Thu Mar 22, 2012, 05:27 AM

100. Your focus is perfectly backwards

Instead of inspecting the 2nd Amendment for ways to restrict the RIGHT you should be inspecting the body of The Constitution for a hint of power granted to the government to even contemplate the personal arms of the private citizen.

The Constitution is a charter of conferred powers and the government -- established by the Constitution -- only possesses the specific powers granted to it by the people. Those interests that the people have never surrendered are retained by the people.

To read the 2nd Amendment as imparting conditions and qualifications on the right means you believe that the people surrendered to government power to dictate upon their personal property.

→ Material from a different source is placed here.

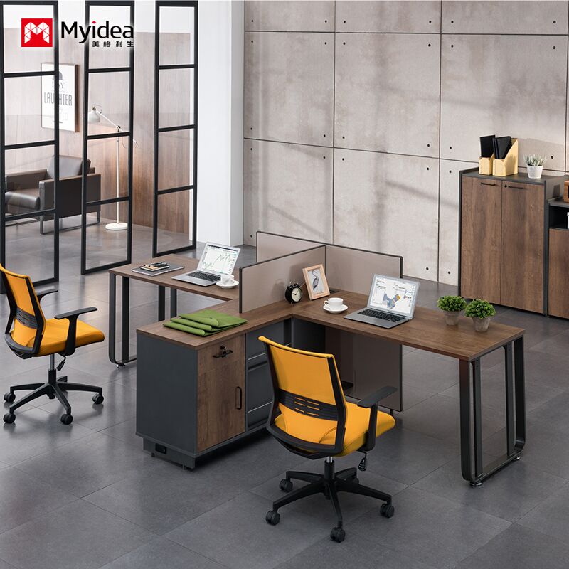 میز اداری دو نفره با کابینت کناری ذخیره سازی پایه فولادی، میز کارمندی ساخته شده از مواد تخته ملامینه

And that is profoundly incorrect and injurious to the rights of the citizen.

Your belief is precisely why the Federalists argued so vehemently against adding a bill of rights to the Constitution.

As the Federalists argued in #84, because the government can only exercise the limited powers granted to it, "why declare that things shall not be done which there is no power to do?" They thought adding a bill of rights was dangerous and absurd because such a list would only compile, "various exceptions to powers not granted; and, on this very account, would afford a colorable pretext to claim more than were granted . . . " The Federalists feared that no matter how the provisions were worded people would assume that the right flows from the enumeration and invent powers to restrain rights. Which is precisely what you are doing!

The citizen's of the USA don't possess the right to keep and bear arms because of a certain interpretation of the 2nd Amendment, we have the right because no power was ever granted to government to impact in any fashion, the personal arms of the private citizen. Neither the simple passage of time, our elevated society nor our modern "enlightenment" has altered that fact.